* [Assignment] Retype the data below exactly, skipping pictures.

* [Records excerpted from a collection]
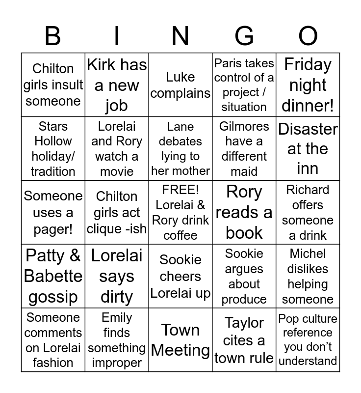 This bingo card has a free space and 24 words: Lorelai says dirty, Emily finds something improper, Lane debates lying to her mother, Someone comments on Lorelai fashion, Friday night dinner!, Chilton girls insult someone, Stars Hollow holiday/ tradition, Kirk has a new job, Rory reads a book, Sookie cheers Lorelai up, Gilmores have a different maid, Someone uses a pager!, Sookie argues about produce, Michel dislikes helping someone, Lorelai and Rory watch a movie, Taylor cites a town rule, Richard offers someone a drink, Luke complains, Disaster at the inn, Chilton girls act clique -ish, Pop culture reference you don’t understand, Patty & Babette gossip, Paris takes control of a project / situation and Town Meeting.
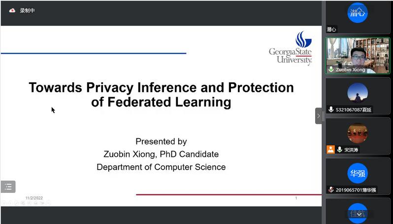 2022年11月3日,计算机科学与技术学院举行了智汇论坛2022年第五期(总第九期)活动。本次活动邀请美国佐治亚州亚特兰大佐治亚州立大学计算机科学系博士候选人熊作彬以“联邦学习中的隐私攻击与隐私保护”为题作专题讲座。
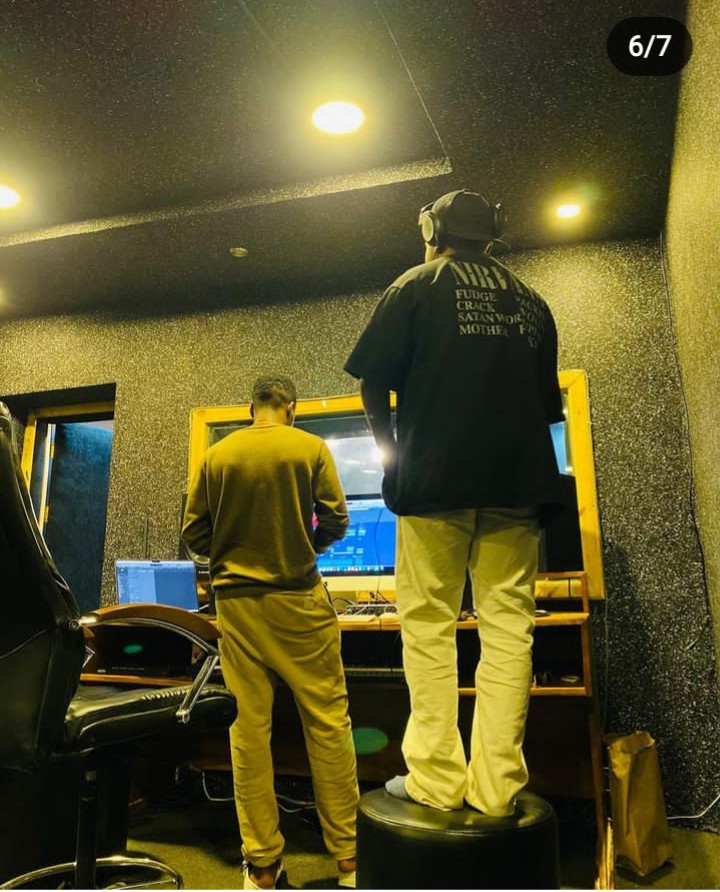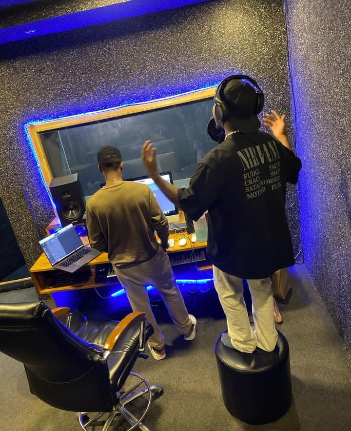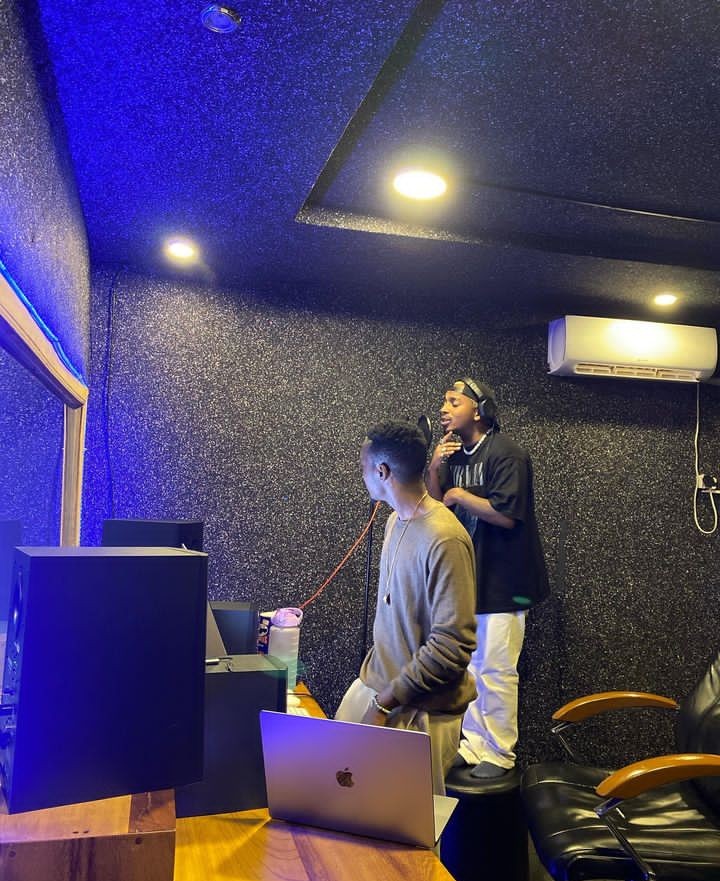 Kenny Sol uri mu bahanzi bagezweho yasekeje abamukurikirana nyuma yo kugaragara muri studio ari hejuru yagatebe ari nako arikodinga.
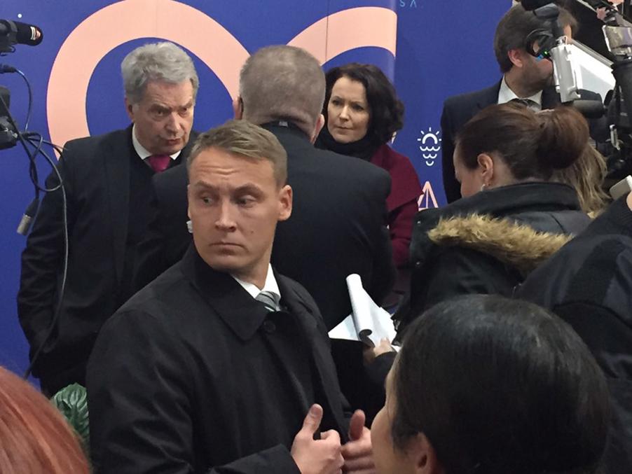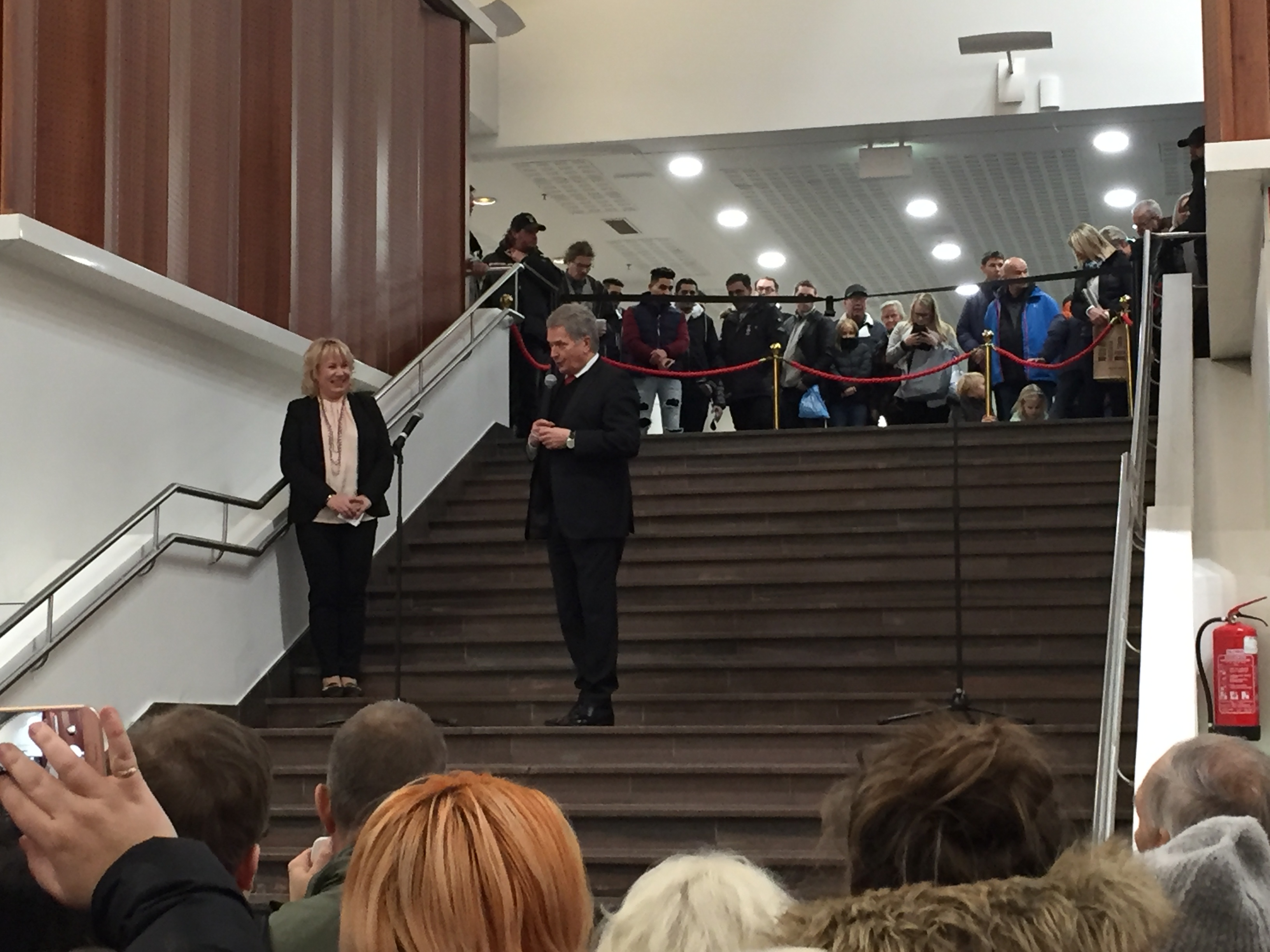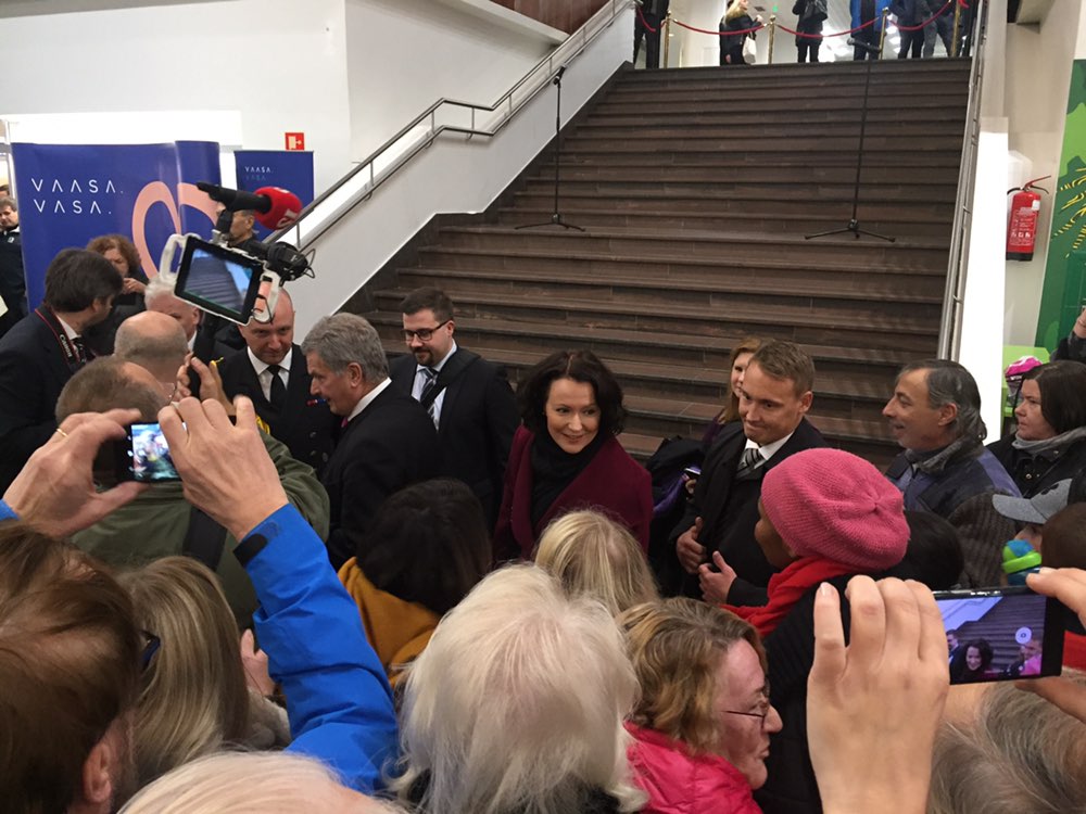 Президент с супругой приехали с опозданием в несколько минут. Минут двадцать президент читал речь и отвечал на официальные вопросы от председателя горсовета Кима Берга и главного редактора местной газеты Стига Нюгорда. Я пока плохо понимаю финский на слух, но вопросы обсуждались ожидаемые — перспективы энергетического машиностроения в регионе в свете изменения климата, инвестиции в завод Вяртсиля, участие Финляндии в учениях НАТО, новый паром в Швецию, а еще у президента спросили про здоровье сына Ааро, родившеся около полугода назад. Президент выглядит в жизни точно так же, как и на всех своих фотографиях, слегка застенчивым, но оратор он хороший. Так как у нас двуязычный город (Вааса), местами президент говорил также по–шведски, хотя и с видимыми усилиями.
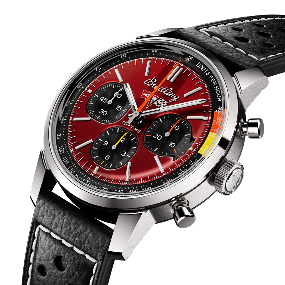 The 1960s was a decade of experimentation, fun, freedom and energy. Whether cruising on a motorcycle or revving up a sportscar, living life at full speed was the order of the day. Willy Breitling felt this change of pace and set out to design an unconventional chronograph that would capture the verve of era. He called it the Top Time. That spirited tradition continues today with Breitling partnering with some of the coolest names in wheels to create its Top Time designs. The second-generation Chevrolet Corvette, from the 1963 to 1967 model years, is the most sought-after version of the American legend. The “Sting Ray,” as it was known, took inspiration from a 1959 racing-model prototype. For 60 years, it has captured the imaginations of car lovers around the world with its perfect combination of a low-profile body and a powerful engine that delivers performance whether on the road or on the track. The Top Time B01 Chevrolet Corvette features the colours and emblem of its classic-car counterpart as well as a perforated leather racing strap, speed-measuring tachymeter scale and contrasting “squircle” (not quite square, not quite round) subdials that give the feel of vintage dashboard gauges. It also comes with a brag-worthy engine under the hood: the exceptional Breitling Manufacture Caliber 01.
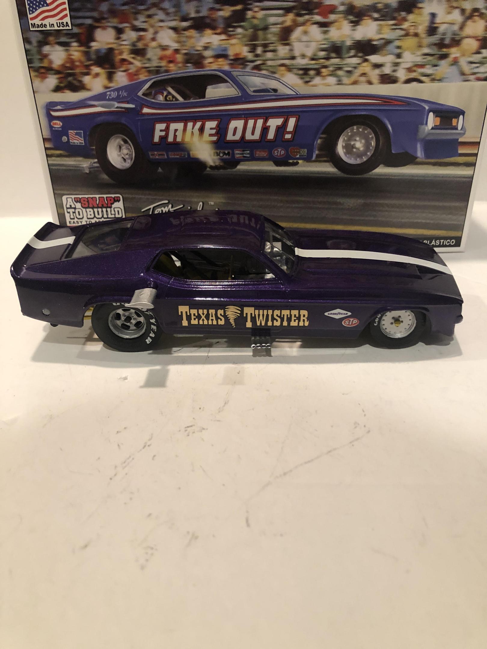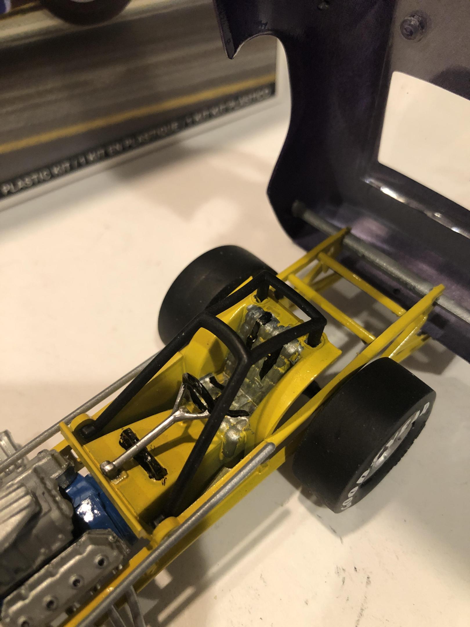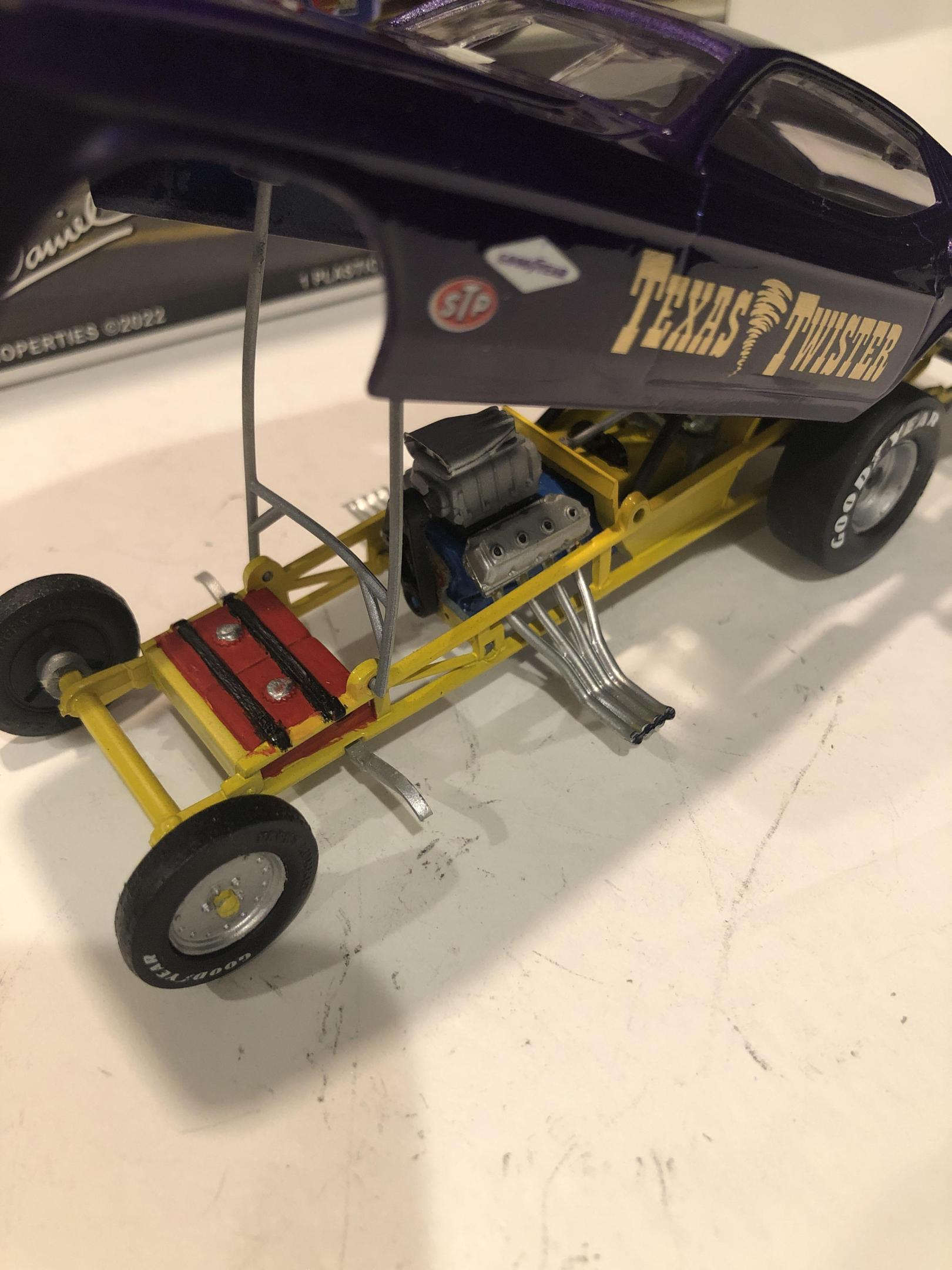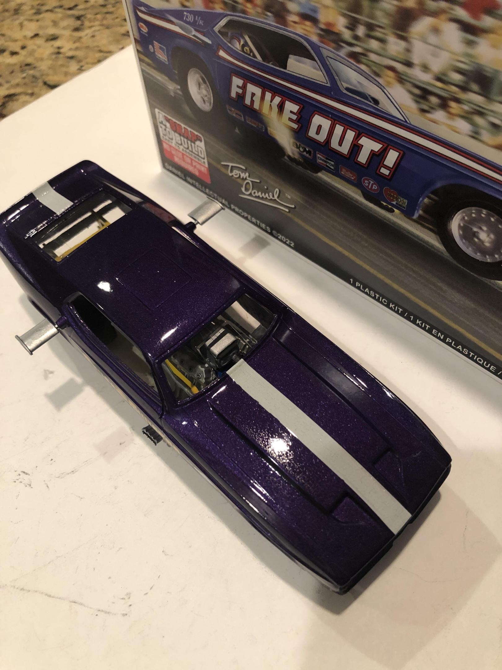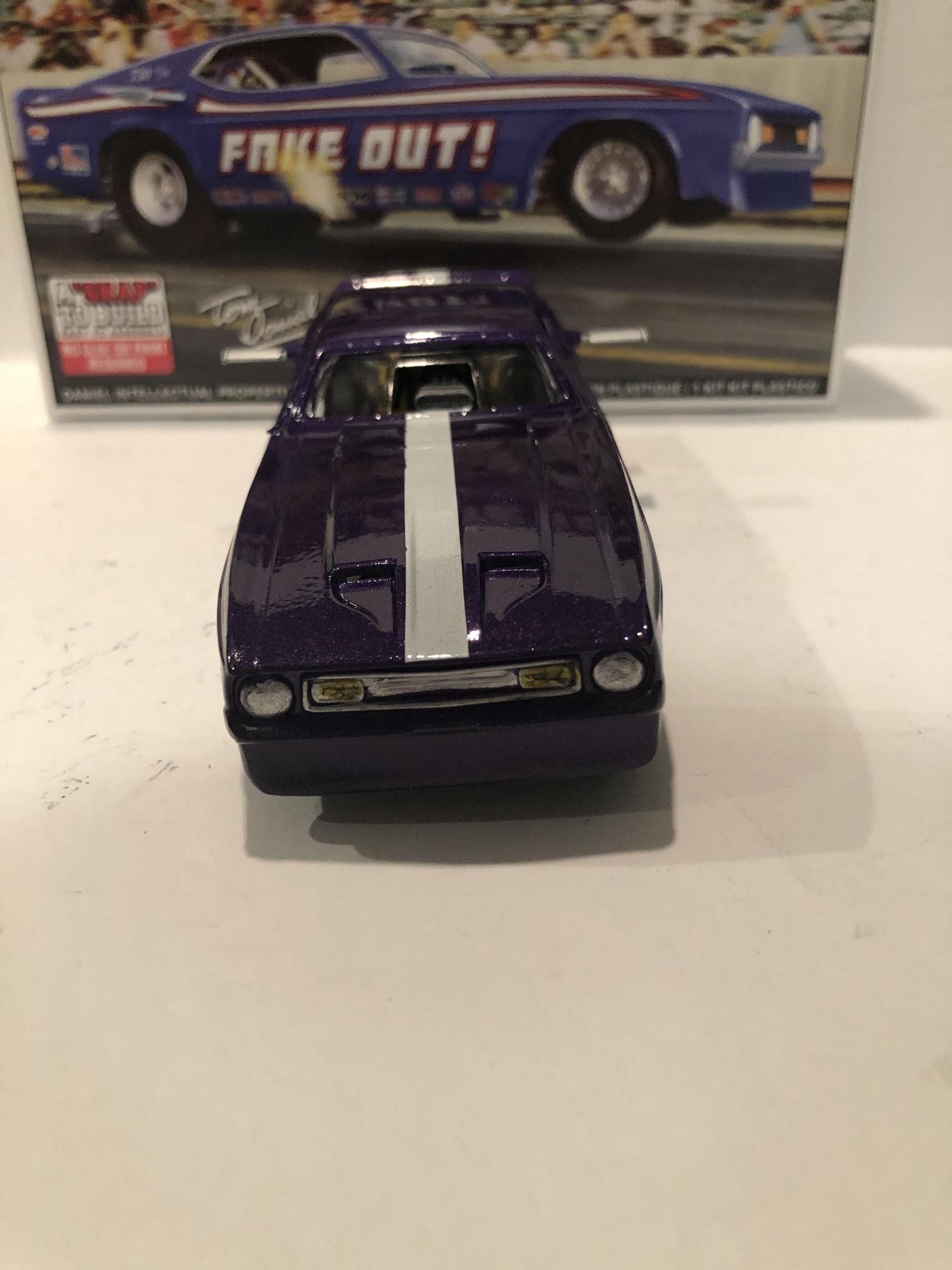 A simple little between project that can be done in days . 3 in this case . Wings are dumb but I thought about cutting the posts off an filling but as I wanted simple and it is for my grandson I passed on that . I did fill the sink hole in the hood a bit . Used some tire decals and other decals I had in my decal box . Paint is Testors Purple with Duplicolor 1 K clear . I pretty sure my grandson won’t grasp the idea of display only and it will be back to parts in a matter of minutes .

* [Finished task]
 This bingo card has a free space and 24 words: Lorelai says dirty, Emily finds something improper, Lane debates lying to her mother, Someone comments on Lorelai fashion, Friday night dinner!, Chilton girls insult someone, Stars Hollow holiday/ tradition, Kirk has a new job, Rory reads a book, Sookie cheers Lorelai up, Gilmores have a different maid, Someone uses a pager!, Sookie argues about produce, Michel dislikes helping someone, Lorelai and Rory watch a movie, Taylor cites a town rule, Richard offers someone a drink, Luke complains, Disaster at the inn, Chilton girls act clique -ish, Pop culture reference you don’t understand, Patty & Babette gossip, Paris takes control of a project / situation and Town Meeting.
 2022年11月3日,计算机科学与技术学院举行了智汇论坛2022年第五期(总第九期)活动。本次活动邀请美国佐治亚州亚特兰大佐治亚州立大学计算机科学系博士候选人熊作彬以“联邦学习中的隐私攻击与隐私保护”为题作专题讲座。
 Kenny Sol uri mu bahanzi bagezweho yasekeje abamukurikirana nyuma yo kugaragara muri studio ari hejuru yagatebe ari nako arikodinga.
 Президент с супругой приехали с опозданием в несколько минут. Минут двадцать президент читал речь и отвечал на официальные вопросы от председателя горсовета Кима Берга и главного редактора местной газеты Стига Нюгорда. Я пока плохо понимаю финский на слух, но вопросы обсуждались ожидаемые — перспективы энергетического машиностроения в регионе в свете изменения климата, инвестиции в завод Вяртсиля, участие Финляндии в учениях НАТО, новый паром в Швецию, а еще у президента спросили про здоровье сына Ааро, родившеся около полугода назад. Президент выглядит в жизни точно так же, как и на всех своих фотографиях, слегка застенчивым, но оратор он хороший. Так как у нас двуязычный город (Вааса), местами президент говорил также по–шведски, хотя и с видимыми усилиями.
 The 1960s was a decade of experimentation, fun, freedom and energy. Whether cruising on a motorcycle or revving up a sportscar, living life at full speed was the order of the day. Willy Breitling felt this change of pace and set out to design an unconventional chronograph that would capture the verve of era. He called it the Top Time. That spirited tradition continues today with Breitling partnering with some of the coolest names in wheels to create its Top Time designs. The second-generation Chevrolet Corvette, from the 1963 to 1967 model years, is the most sought-after version of the American legend. The “Sting Ray,” as it was known, took inspiration from a 1959 racing-model prototype. For 60 years, it has captured the imaginations of car lovers around the world with its perfect combination of a low-profile body and a powerful engine that delivers performance whether on the road or on the track. The Top Time B01 Chevrolet Corvette features the colours and emblem of its classic-car counterpart as well as a perforated leather racing strap, speed-measuring tachymeter scale and contrasting “squircle” (not quite square, not quite round) subdials that give the feel of vintage dashboard gauges. It also comes with a brag-worthy engine under the hood: the exceptional Breitling Manufacture Caliber 01.
 A simple little between project that can be done in days . 3 in this case . Wings are dumb but I thought about cutting the posts off an filling but as I wanted simple and it is for my grandson I passed on that . I did fill the sink hole in the hood a bit . Used some tire decals and other decals I had in my decal box . Paint is Testors Purple with Duplicolor 1 K clear . I pretty sure my grandson won’t grasp the idea of display only and it will be back to parts in a matter of minutes .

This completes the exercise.